[Records from a data collection]

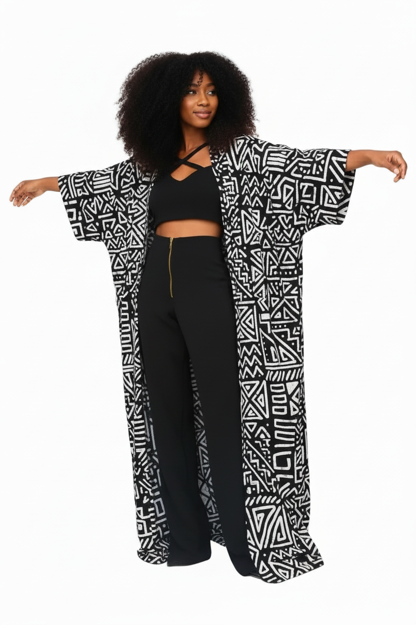 Add a statement layer to your outfit with this beautifully designed Ankara kimono. Featuring vibrant prints and a relaxed, flowing fit, it blends traditional African patterns with modern everyday style.
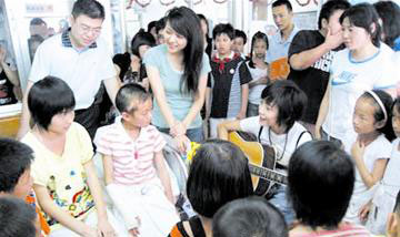 日前,許飛來(lái)到湖南省人民醫(yī)院,看望在這里的幾十名從四川災(zāi)區(qū)轉(zhuǎn)來(lái)醫(yī)治的小朋友們。
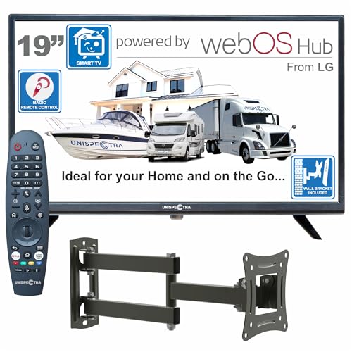 Unispectra ® 19" Smart TV (WebOS) Med Magic Remote, DLED HDR 230v 24v 12v, Triple Tuner, 3xHDMI, 2xUSB - För Husbilar, Husvagnar, Lastbilar, Båtar (Med Väggfäste)
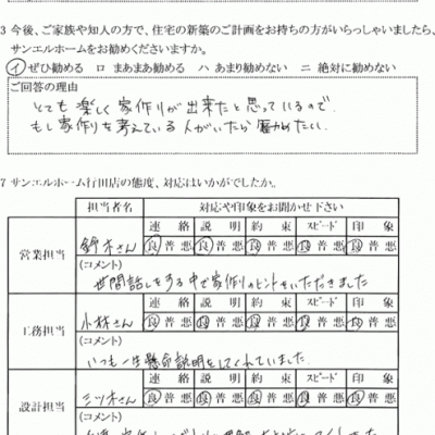 お客様の声|埼玉県の土地・不動産・オシャレな注文住宅
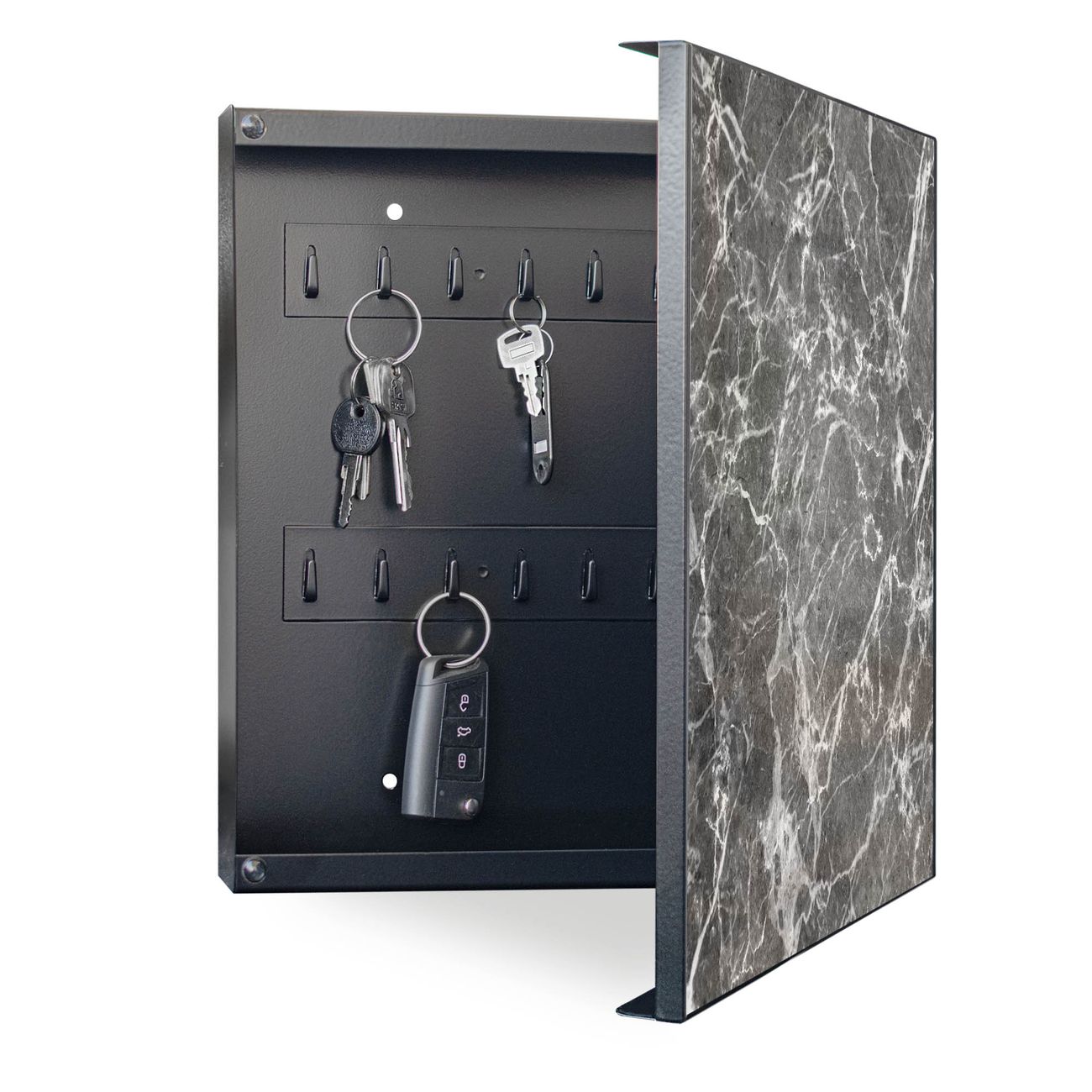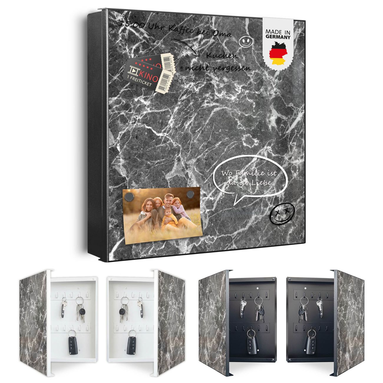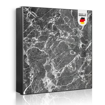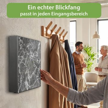 Bringe Ordnung und Eleganz in deinen Eingangsbereich mit dem banjado Schlüsselkasten Motiv Motiv Marmorstein. Die moderne Schlüsselbox kombiniert funktionales Design mit hochwertiger Verarbeitung und wird so zu einem echten Hingucker in Flur, Büro oder Ferienwohnung. ✅ Stilvolle Schlüsselaufbewahrung mit Motiv Motiv Marmorstein Der Design-Schlüsselkasten Motiv Motiv Marmorstein bietet Platz für bis zu 32 Schlüssel, die auf 4 stabilen Reihen mit je 8 Haken übersichtlich verstaut werden. Mit seinen kompakten Maßen von 30 x 30 x 5 cm passt die Schlüsselbox perfekt auch in kleinere Räume. Der schwarz lackierte Stahlkorpus mit rechts angeschlagenem Türscharnier harmoniert mit gedruckten Folie auf der Front und fügt sich nahtlos in jedes Wohnambiente ein. Ob als Schlüsselorganizer für Zuhause oder als praktische Lösung für Büros, Praxen und Gewerbe, der banjado Schlüsselkasten sorgt für Ordnung und Übersicht. Dank der magnetischen, mit Kreidestiften beschreibbaren Folie auf der Front kannst du Notizen anheften oder Termine direkt auf der Oberfläche festhalten. Die Schlüsselbox Motiv Motiv Marmorstein zur Wandmontage wird inklusive Befestigungsmaterial geliefert und ist schnell angebracht. So hast du deine Schlüssel jederzeit griffbereit und zugleich stilvoll verstaut. Mit diesem banjado Schlüsselkasten Motiv Motiv Marmorstein kombinierst du praktische Aufbewahrung mit stilvollem Wohndesign. Ob privat oder geschäftlich, die Schlüsselbox sorgt für mehr Ordnung, Übersicht und ein wohnliches Ambiente.Vorteile im Überblick
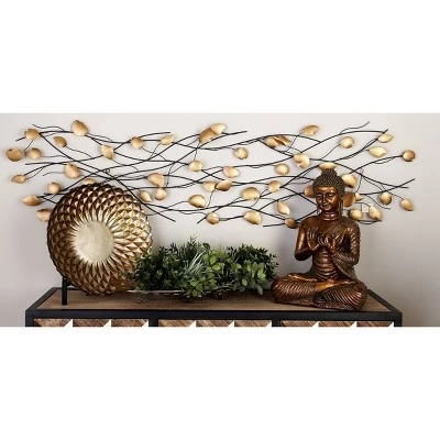 - •A stylish three dimensional decor piece for walls that features a contemporary theme and carved intertwining black branches with metallic gold leaves
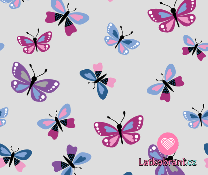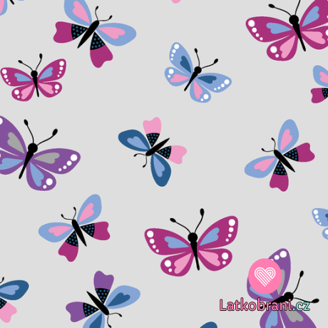 Úplet potisk motýlci na šedé
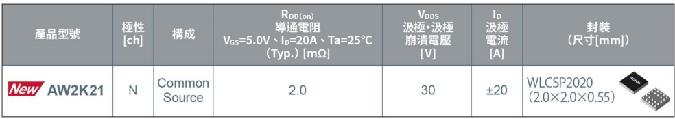 近年為縮短充電時間,智慧型手機等配備大容量電池的小型設備中,配備快速充電功能的產品日益增加。上述設備需要具備雙向保護功能,以防止在非供電狀態時電流反向流入週邊IC等元件。此外為了在快速充電時支援大電流,智慧型手機製造商對MOSFET有嚴格的規格要求,如最大電流為20A、擊穿電壓*5為28V至30V、導通電阻為5mΩ以下。然而一般MOSFET產品若要滿足此要求,需要使用2顆導通電阻較低的大體積MOSFET,導致安裝面積增加。為了解決上述問題,ROHM推出採用超小型封裝並具備低導通電阻的MOSFET「AW2K21」,非常適用於大功率快速充電應用。
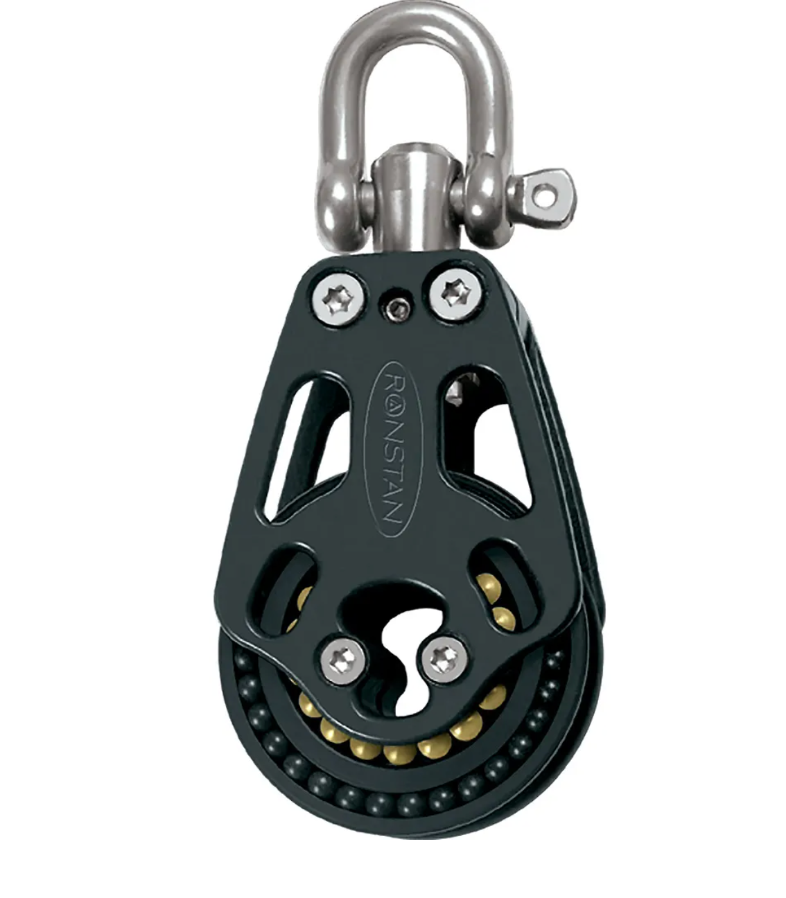 Fully machined Alloy cheek plates. Alloy sheaves with captive ball races. Torlon® needle rollers. Carbon black Acetal ball bearingsForged grade 17-4PH stainless steel shackles. Grade 316 stainless steel head post
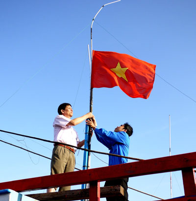 Ngư dân Trường Sa đón nhận 1.000 lá cờ Tổ quốc
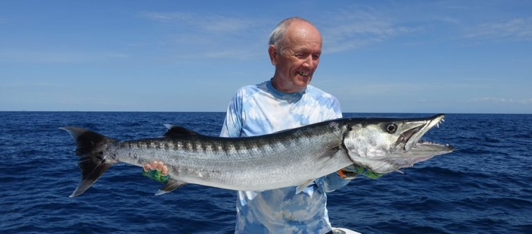 Protože se v poledne vítr a následně oceán trochu uklidnil, volíme změnu rybolovné techniky a začínáme jigovat na zlomech hloubek 40-80 m. To už se blíží poledne, hladina odlivu je na minimu a ryby zoufale neberou. Ačkoli kapitán každou chvíli hlásí, že echolot ukazuje u dna ryby, jsme přes hodinu bez záběru. Měníme tedy taktiku a vyhlašujem pauzu na oběd. Snad zatím ryby pochopí, že by se také měly pustit do jídla. A pochopily! Hned po obědě přichází jeden záběr za druhým. Na palubě se postupně objevuje malý chňapal růžový, kranas obrovský-GT 70 cm, kranas žlutoskvrnný 65 cm, asi tucet malých barakud 60-85 cm a Saša trumfuje velkou barakudou 125 cm. Protože je u dna docela silný proud, používáme trochu těžší nástrahy než v předchozích dnech, tedy jigy 150-250 g.
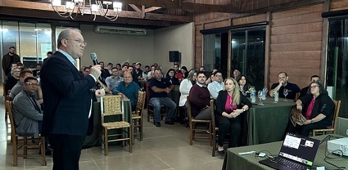 Fábio D’Alécio, prefeito de Ubiratã e presidente do Condescom, sobre o trabalho da Comcam, do Cis-Comcam e do próprio Condescom; durante assembleia do Cis-Comcam, em Campo Mourão, com a participação do secretário de Estado da Saúde, Beto Preto, sexta-feira.
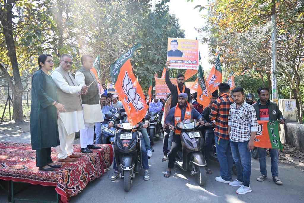 भारतीय जनता युवा मोर्चा शहीद दुर्गा मल्ल मंडल द्वारा धन्यवाद रैली का फ्लैग ऑफ करते मंत्री गणेश जोशी।
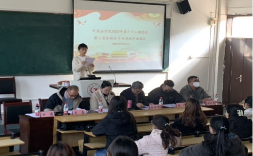 12月6日中午,外国语学院于明德楼西二阶梯教室举行第三十八期业余党校开班典礼。院党委书记张蕊、院长余荣琦、院党委副书记李磊、副院长余鹏、院团委副书记余仁能出席典礼,典礼由班主任方磊主持,全体学员参会。

**Task directions**
Above are the records; restate exactly the lines from the one containing "Fully machined Alloy" through the one containing "Ngư dân Trường", keeping pictures out.

**Written answer**
 Fully machined Alloy cheek plates. Alloy sheaves with captive ball races. Torlon® needle rollers. Carbon black Acetal ball bearingsForged grade 17-4PH stainless steel shackles. Grade 316 stainless steel head post
 Ngư dân Trường Sa đón nhận 1.000 lá cờ Tổ quốc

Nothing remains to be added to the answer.